Yom Kippur is one of the most important, if not the most important, Jewish holidays of the year. Known as the Day of Atonement, Yom Kippur comes after the 10 Days of Awe, which is the period that begins with Rosh Hashanah and ends with Yom Kippur. During the Days of Awe, Jews reflect on the year that's passed and make amends for any wrongdoings they've committed.
Each year, the holiday falls on the 10th day of the Jewish month of Tishrei. This year, Yom Kippur begins at sundown on September 27.

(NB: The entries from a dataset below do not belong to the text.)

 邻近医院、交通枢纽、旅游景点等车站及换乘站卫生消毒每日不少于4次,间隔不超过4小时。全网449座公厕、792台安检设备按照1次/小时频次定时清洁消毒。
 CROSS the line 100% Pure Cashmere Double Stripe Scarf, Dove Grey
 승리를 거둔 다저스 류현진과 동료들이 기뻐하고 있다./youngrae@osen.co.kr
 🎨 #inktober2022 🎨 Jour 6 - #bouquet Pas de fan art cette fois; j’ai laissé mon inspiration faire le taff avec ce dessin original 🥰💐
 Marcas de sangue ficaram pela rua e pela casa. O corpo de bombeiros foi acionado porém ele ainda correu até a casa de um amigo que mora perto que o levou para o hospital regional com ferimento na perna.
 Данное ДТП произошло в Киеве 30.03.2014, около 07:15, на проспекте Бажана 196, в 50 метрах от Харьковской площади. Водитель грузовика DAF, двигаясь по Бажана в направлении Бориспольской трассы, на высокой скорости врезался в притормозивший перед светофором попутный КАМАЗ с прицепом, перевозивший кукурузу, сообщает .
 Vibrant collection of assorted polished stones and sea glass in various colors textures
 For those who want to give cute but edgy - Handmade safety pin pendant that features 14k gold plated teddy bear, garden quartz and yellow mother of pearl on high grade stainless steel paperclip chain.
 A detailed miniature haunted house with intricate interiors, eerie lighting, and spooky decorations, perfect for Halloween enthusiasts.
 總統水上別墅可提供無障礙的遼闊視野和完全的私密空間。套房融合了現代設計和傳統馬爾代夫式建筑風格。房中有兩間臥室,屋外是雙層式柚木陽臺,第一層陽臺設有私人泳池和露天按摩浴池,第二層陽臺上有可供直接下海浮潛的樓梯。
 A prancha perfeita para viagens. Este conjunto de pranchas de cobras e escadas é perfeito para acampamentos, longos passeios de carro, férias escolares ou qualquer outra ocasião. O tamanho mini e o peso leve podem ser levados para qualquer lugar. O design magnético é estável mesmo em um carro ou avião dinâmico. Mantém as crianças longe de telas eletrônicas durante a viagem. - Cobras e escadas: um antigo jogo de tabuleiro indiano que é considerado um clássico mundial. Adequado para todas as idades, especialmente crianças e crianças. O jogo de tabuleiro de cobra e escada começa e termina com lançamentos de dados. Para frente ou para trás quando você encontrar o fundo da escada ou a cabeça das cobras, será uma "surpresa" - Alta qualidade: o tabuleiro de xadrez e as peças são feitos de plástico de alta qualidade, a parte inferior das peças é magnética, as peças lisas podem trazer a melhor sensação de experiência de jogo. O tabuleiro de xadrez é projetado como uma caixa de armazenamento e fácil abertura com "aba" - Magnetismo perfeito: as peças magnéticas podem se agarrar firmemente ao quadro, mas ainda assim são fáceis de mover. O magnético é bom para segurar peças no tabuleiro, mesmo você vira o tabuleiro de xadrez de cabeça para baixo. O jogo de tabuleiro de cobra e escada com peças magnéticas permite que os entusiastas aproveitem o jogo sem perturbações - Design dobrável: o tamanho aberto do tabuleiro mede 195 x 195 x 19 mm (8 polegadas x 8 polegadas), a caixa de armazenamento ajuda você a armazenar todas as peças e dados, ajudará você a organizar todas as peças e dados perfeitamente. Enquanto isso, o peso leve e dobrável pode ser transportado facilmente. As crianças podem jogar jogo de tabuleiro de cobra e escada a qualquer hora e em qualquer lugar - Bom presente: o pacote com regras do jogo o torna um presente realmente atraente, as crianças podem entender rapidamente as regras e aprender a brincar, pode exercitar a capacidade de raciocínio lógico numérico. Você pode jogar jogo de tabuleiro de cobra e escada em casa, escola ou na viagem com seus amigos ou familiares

A major aspect of Yom Kippur is the process of confessing and atoning for your sins of the past year. The process of doing this is called teshuva, which means "to turn" in Hebrew. "We turn inward to see where we have missed the mark; we turn outward to dear family and friends, offering them words of remorse and reconciliation; and we turn away from bad habits and try to make better, healthier choices," writes Rabbi Sara Y. Sapadin.
The key ideals during Yom Kippur are repentance, reflection, and renewal. One way in which Jews practice these ideals is through fasting. Fasting on Yom Kippur is a mitzvah, or commandment. Jews begin fasting on erev Yom Kippur, or just before sunset on Yom Kippur, and end after night falls the next day. The idea behind the fast is that nothing shall pass your lips but prayer and your apologies for the wrongdoings you have committed during the past year.
On Yom Kippur, Jews attend synagogue services to celebrate the holiday with their communities. Often Jews attend an evening service called Kol Nidre as Yom Kippur begins, and many spend the entire next day in services and in prayer. The shofar, a horn, is blown during the services, and songs are sung by the congregation.
The customary greeting is "L’Shana tova tikateivu," which is a wish for a happy year to come and that your life may be inscribed in the Book of Life.